6. The computerized method of claim 1, wherein qualifying the online applicant comprises: unconditionally approving the online application when the application data satisfies requirements specified by the underwriting criteria for unconditional approval of the chosen qualified credit product.
7. A computer-readable medium having computer-executable instructions to cause a server computer for an online broker offering multiple credit options to perform a method comprising: receiving application data from an applicant coupled to the server computer through a computer network; sending a rejection message to the applicant when the application data cumulatively received at a first pre-determined point disqualifies the applicant from all of the multiple credit options; creating a list of qualified credit options from the multiple credit options when all the application data is received; sending the list to the applicant when the list contains at least one qualified credit option; receiving a choice of a qualified credit option from the applicant; forwarding the application data to a credit provider associated with the chosen qualified credit option; and sending an application status to the applicant.
8. The computer-readable medium of claim 7, wherein each credit option comprises a credit product and a credit provider for the credit product.
9. The computer-readable medium of claim 7, wherein the application data cumulatively received at the first pre-determined point is evaluated against a subset of underwriting criteria for the multiple credit options to determine if the applicant is disqualified from all of the multiple credit options.
10. The computer-readable medium of claim 9, wherein the method further comprises: obtaining a portion of the underwriting criteria from a credit provider associated with each one of the multiple credit options.

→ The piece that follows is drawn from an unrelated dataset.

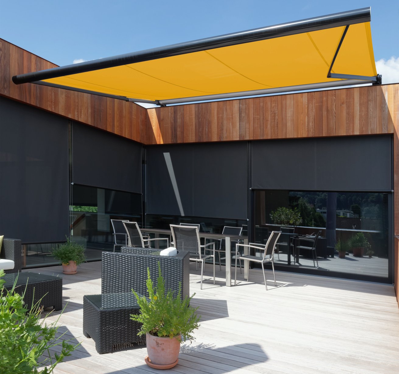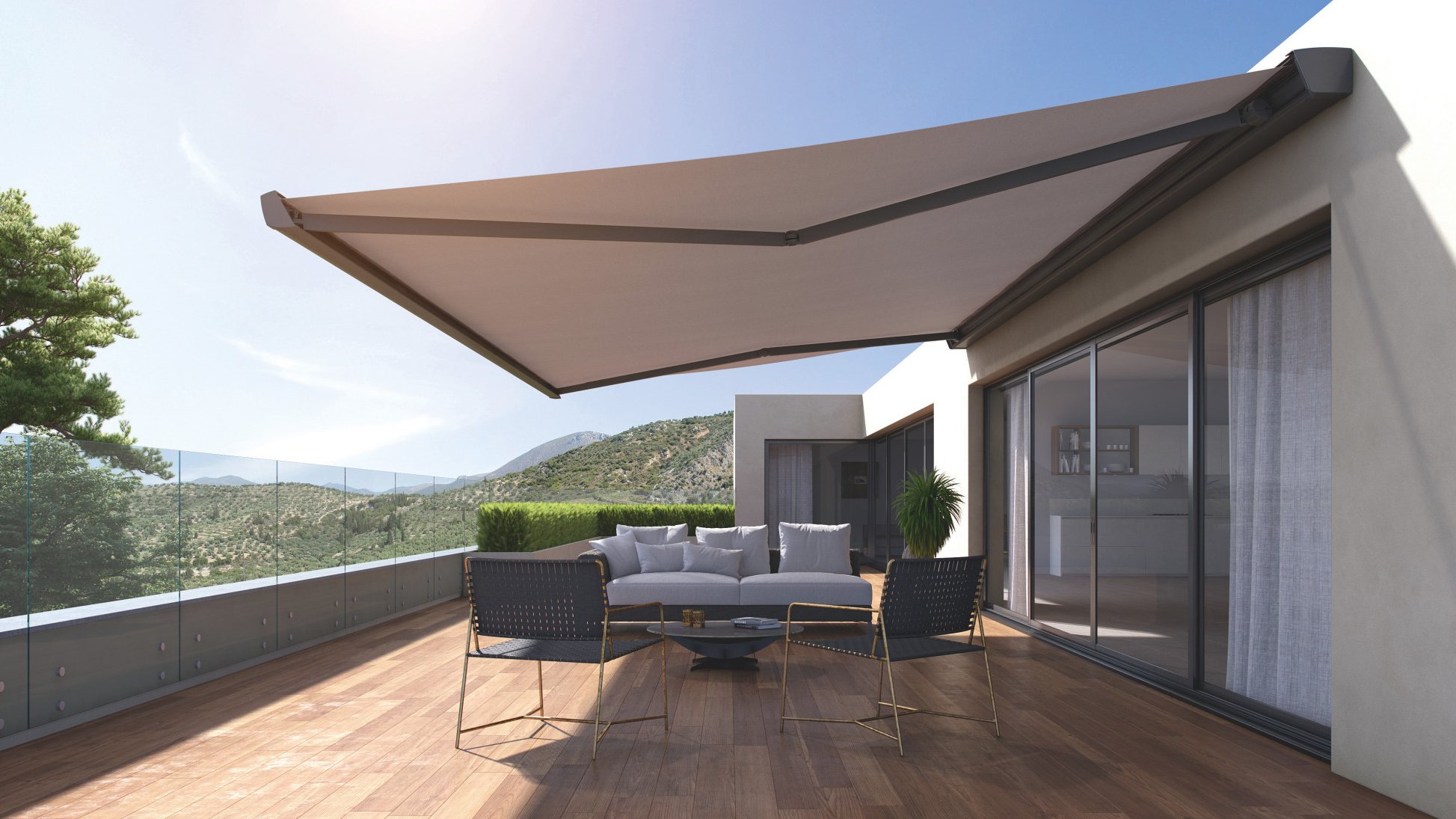 Sur les terrasses et les façades des exigences sont plus complexes et des portées supérieures sont requises. Une marquise à bras articulé offre une solution standard de qualité. Avec une largeur s’étendant jusqu’à 20 mètres, elle offre la meilleure protection contre le soleil. Selon sa largeur, deux à huit bras articulés assurent une stabilité élevée ainsi que la tension du tissu. Les marquises à bras articulé sont flexibles et idéales pour les terrasses, les terrasses couvertes et les locaux commerciaux. Elles sont également une solution parfaite pour les rénovations grâce à leurs points de fixation murale et à la toile relativement facile à choisir. Les protections contre les intempéries et autres offrent des solutions fermées à différentes catégories de prix. Sur le marché du haut de gamme et sur demande, de nombreux raffinements techniques ainsi que des variantes de design concernant le confort et l'esthétique peuvent être envisagés.

11. The computer-readable medium of claim 7, wherein the application data is evaluated against past activity criteria at a second pre-determined point to determine if the applicant should be blocked from applying for credit from the online broker.
12. The computer-readable medium of claim 11 , wherein the method further comprises: creating the past activity criteria based on application data previously submitted by the applicant to the online broker.
13. The computer-readable medium of claim 7, wherein the application data is evaluated against fraud criteria at a third pre-determined point to determine if the applicant should be blocked from applying for credit from the online broker.
14. The computer-readable medium of claim 7, wherein the application data is evaluated against underwriting criteria for each of the multiple credit options to create the list of qualified credit options.
15. The computer-readable medium of claim 14, wherein the method further comprises: obtaining the underwriting criteria from a credit provider associated with each one of the multiple credit options.
16. The computer-readable medium of claim 7, wherein the method further comprises: receiving additional data from the applicant when the chosen qualified credit option requires the additional data; revising the list to exclude the chosen qualified credit option if the additional data disqualifies the applicant from the chosen qualified credit option; and sending the revised list to the applicant when the revised list contains at least one qualified credit option.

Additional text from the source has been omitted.